Anthropic disabled access to its Fable 5 and Mythos 5 models for customers worldwide after the US government ordered restrictions on foreign access, according to TechCrunch and Mother Jones. The move followed reporting that Amazon chief executive Andy Jassy had warned senior US officials that researchers at Amazon were able to use one of Anthropic’s models to obtain information potentially usable in cyberattacks. The Wall Street Journal said Jassy raised the issue with Treasury Secretary Scott Bessent and other officials.

The sequence matters because Anthropic is not only a high-profile AI supplier; it is also a company backed by the same firms that buy and integrate its models. When a leading investor and customer can brief regulators about a competitor-supplier’s weaknesses, the boundary between market competition and national-security policy becomes hard to trace. TechCrunch reported that Reuters and The Information also described Amazon communicating concerns about Anthropic’s security, while an Amazon spokesperson told the Journal it is common for governments to seek Amazon’s counsel on risks, without confirming what was discussed.

The administration’s public rationale has been national security, but the mechanism is commercial. Anthropic complied by switching off access to the two models for all customers, Mother Jones reported, after being ordered to suspend foreign nationals, including employees, from using its most advanced products. That is an export control enforced through a private company’s product dashboard, not a customs checkpoint. For customers outside the US, the practical message is that “sovereign AI” debates can end with a login screen.

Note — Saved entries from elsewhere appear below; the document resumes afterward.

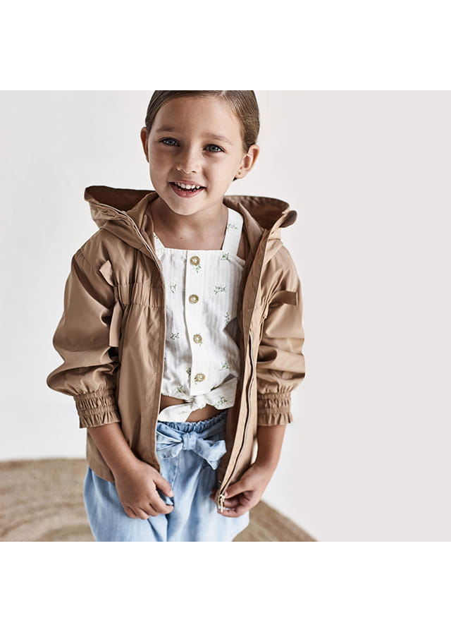 Śliczna bluzka Mayoral dla dziewczynki na ramiączkach, z opadającymi rękawkami, bluzeczka z nadrukiem, guziczkami i ozdobnym wiązaniem u dołu.
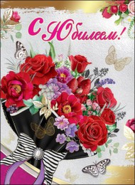 Открытка А4 С Юбилеем! полосатый бант и букет
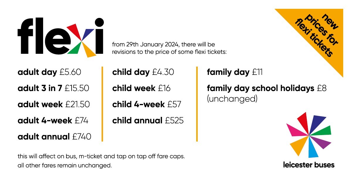 Following an annual review there will be changes to the price of Leicester Flexi multi-operator tickets from Monday 29th January. A summary of all prices changes is shown below.
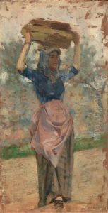 Wooded Landscape With Woman Carrying A Jar
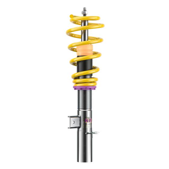 The KW V3 coilover kit is the perfect accessory for performance-oriented drivers and tuning enthusiasts who put a great demand on their suspension. The separately rebound and compression damping adjustable dampers with their "well-thought-through" click adjustment allow a perfect setup. So it is easy to influence the steering behaviour, directional stability, tire grip and handling characteristics when driving on the limit.
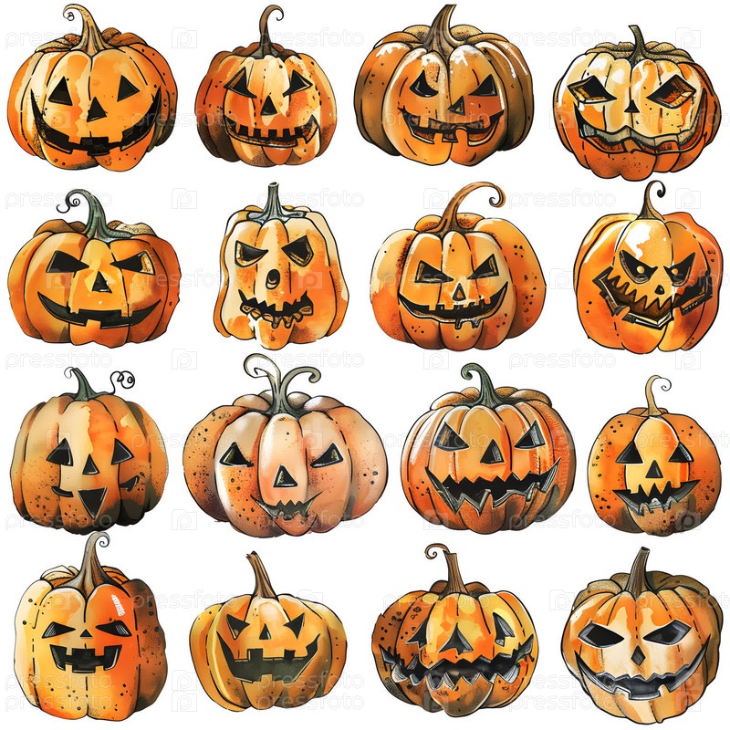 Акварель Счастливый Хэллоуин бесшовный узор с резной тыквой-фонарем Джека О в шляпе, жутким призраком, летающей летучей мышью, страшной головой зомби, свечами на белом фоне. Ручная роспись на тему 31 октября

The accounts also describe a dispute inside the US itself about how far these controls should go. David Sacks, described by TechCrunch as the former AI czar under President Trump and current co-chair of the President’s Council of Advisors on Science and Technology, said a “highly credible trusted partner” of both Anthropic and the US government came forward with information about a jailbreak. Sacks claimed the administration asked Anthropic chief executive Dario Amodei to fix the issue or de-deploy the model, and that Amodei refused. Mother Jones, meanwhile, notes Anthropic has marketed itself as an “ethical AI” company and has said some government demands—such as mass surveillance of Americans and fully autonomous weapons—would violate its safeguard policies.

The episode lands as Anthropic prepares for an initial public offering, according to Mother Jones, and after a period in which the company has tried to position its guardrails as a competitive advantage. But those guardrails are now being evaluated in a different forum: by officials who can impose restrictions without detailing the underlying evidence. For developers, the risk is not only that models can be misused, but that access can be revoked overnight, with the decision shaped by actors who may also profit from the outcome.

Anthropic’s most advanced models were available to customers until the company disabled them to comply with the directive. The restriction did not arrive as a new product launch or a patch note, but as a service interruption tied to a government order that, so far, has not been publicly explained in detail.